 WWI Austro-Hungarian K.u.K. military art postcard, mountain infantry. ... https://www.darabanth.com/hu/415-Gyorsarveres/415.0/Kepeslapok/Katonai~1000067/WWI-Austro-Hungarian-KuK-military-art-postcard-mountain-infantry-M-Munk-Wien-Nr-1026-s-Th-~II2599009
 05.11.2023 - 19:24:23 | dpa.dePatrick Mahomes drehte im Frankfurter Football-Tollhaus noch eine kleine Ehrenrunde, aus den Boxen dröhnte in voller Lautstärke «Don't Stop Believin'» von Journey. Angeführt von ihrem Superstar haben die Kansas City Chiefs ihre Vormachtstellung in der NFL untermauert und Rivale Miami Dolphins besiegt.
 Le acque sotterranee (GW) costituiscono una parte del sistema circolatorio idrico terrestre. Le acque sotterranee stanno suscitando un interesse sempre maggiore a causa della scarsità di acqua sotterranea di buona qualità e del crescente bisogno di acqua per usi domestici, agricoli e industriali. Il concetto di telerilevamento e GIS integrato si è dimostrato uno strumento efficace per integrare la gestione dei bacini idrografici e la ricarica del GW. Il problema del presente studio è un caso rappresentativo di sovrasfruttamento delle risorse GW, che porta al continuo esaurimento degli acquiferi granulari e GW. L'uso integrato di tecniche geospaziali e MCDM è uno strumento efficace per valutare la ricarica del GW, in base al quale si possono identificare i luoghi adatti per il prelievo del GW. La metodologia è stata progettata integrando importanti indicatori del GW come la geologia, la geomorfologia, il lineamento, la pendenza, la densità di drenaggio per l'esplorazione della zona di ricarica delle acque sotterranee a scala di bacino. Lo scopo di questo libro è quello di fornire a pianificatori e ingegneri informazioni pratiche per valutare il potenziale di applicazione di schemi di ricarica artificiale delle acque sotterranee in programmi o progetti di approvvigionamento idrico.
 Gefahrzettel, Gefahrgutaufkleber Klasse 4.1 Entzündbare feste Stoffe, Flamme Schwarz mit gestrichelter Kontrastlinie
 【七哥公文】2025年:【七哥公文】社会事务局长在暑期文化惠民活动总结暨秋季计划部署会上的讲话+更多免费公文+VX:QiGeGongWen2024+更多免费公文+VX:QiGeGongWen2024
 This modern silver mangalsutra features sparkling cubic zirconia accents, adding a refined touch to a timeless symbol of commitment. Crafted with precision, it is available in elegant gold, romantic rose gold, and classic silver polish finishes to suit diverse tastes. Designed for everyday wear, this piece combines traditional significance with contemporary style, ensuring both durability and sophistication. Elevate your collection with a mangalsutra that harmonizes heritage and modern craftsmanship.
· · ·
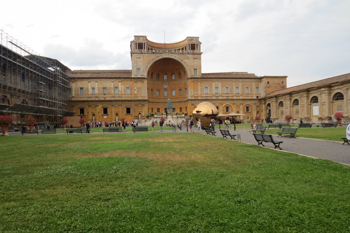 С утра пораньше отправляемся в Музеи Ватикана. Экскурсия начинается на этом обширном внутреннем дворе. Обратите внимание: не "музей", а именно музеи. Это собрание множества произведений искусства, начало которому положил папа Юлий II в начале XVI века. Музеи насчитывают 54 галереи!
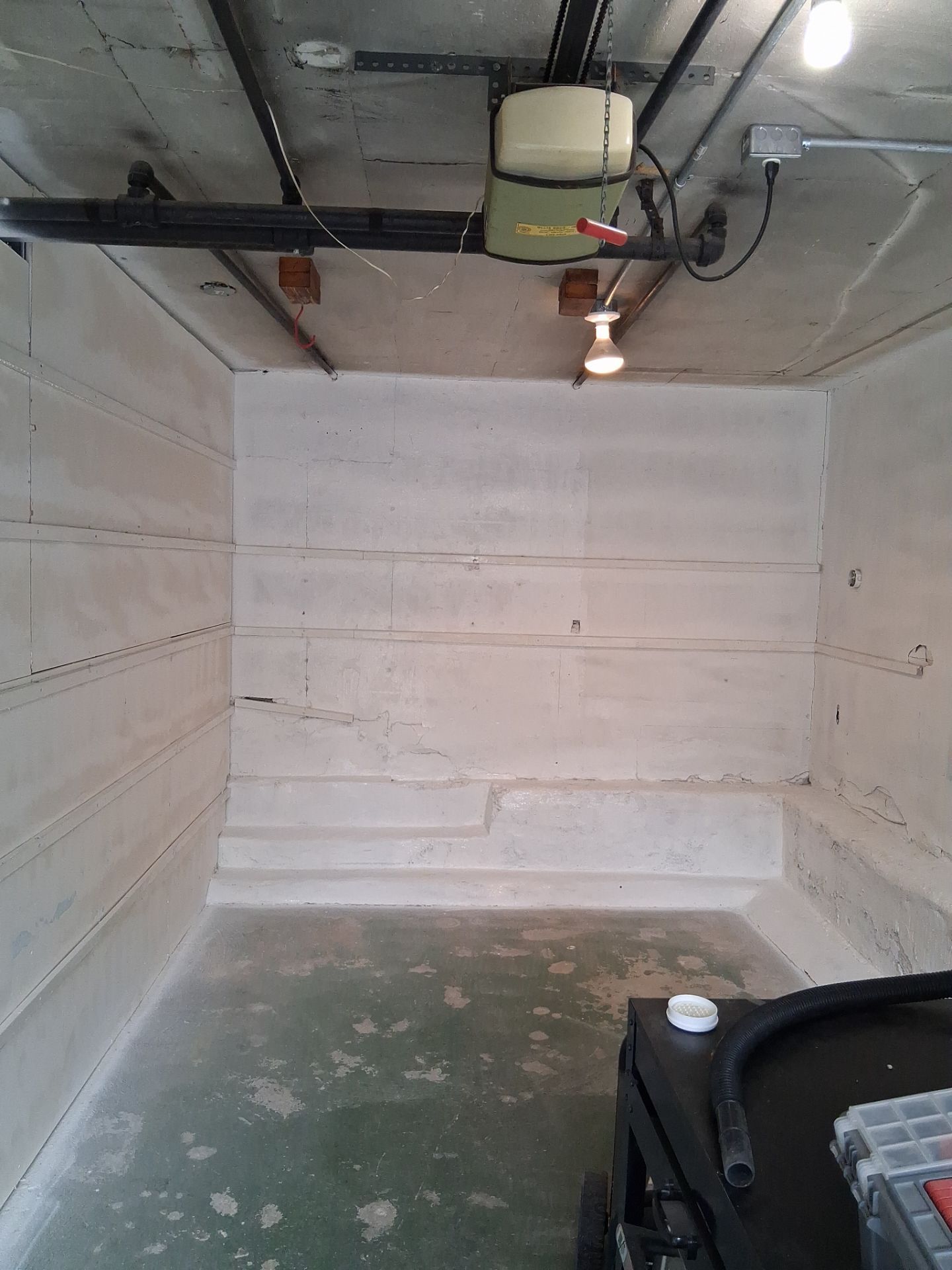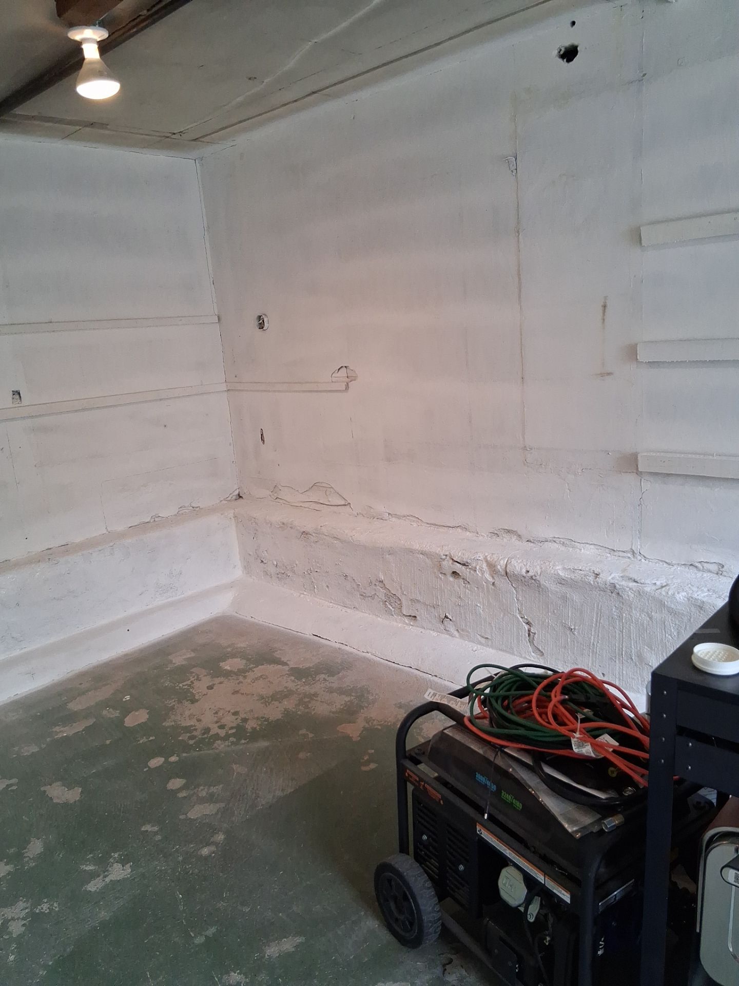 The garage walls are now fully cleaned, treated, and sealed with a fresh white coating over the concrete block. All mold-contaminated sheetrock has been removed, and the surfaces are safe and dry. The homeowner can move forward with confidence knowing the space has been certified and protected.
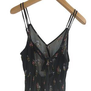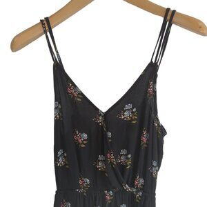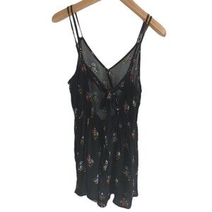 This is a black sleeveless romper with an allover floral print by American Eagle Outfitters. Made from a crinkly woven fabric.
· · ·
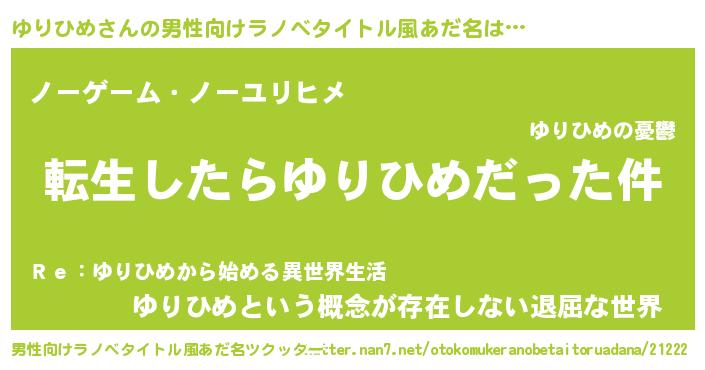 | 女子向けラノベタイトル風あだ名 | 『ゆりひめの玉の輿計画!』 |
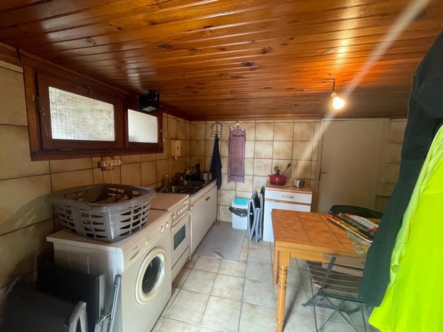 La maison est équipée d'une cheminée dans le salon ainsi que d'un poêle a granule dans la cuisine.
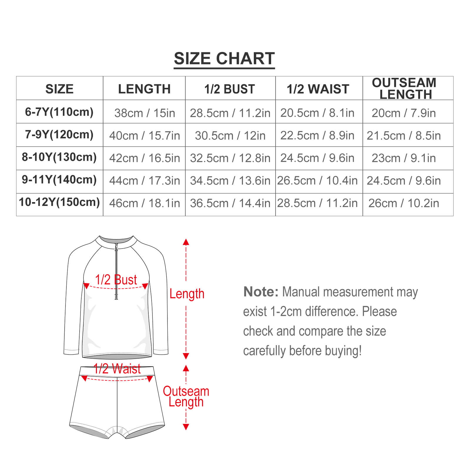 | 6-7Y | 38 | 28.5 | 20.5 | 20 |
· · ·
Exercise details:
Among the records above, only the lines between the line holding "WWI Austro-Hungarian K.u.K." and the line holding "05.11.2023 - 19:24:23", inclusive, are to be output, exactly as written.

Reply:
 WWI Austro-Hungarian K.u.K. military art postcard, mountain infantry. ... https://www.darabanth.com/hu/415-Gyorsarveres/415.0/Kepeslapok/Katonai~1000067/WWI-Austro-Hungarian-KuK-military-art-postcard-mountain-infantry-M-Munk-Wien-Nr-1026-s-Th-~II2599009
 05.11.2023 - 19:24:23 | dpa.dePatrick Mahomes drehte im Frankfurter Football-Tollhaus noch eine kleine Ehrenrunde, aus den Boxen dröhnte in voller Lautstärke «Don't Stop Believin'» von Journey. Angeführt von ihrem Superstar haben die Kansas City Chiefs ihre Vormachtstellung in der NFL untermauert und Rivale Miami Dolphins besiegt.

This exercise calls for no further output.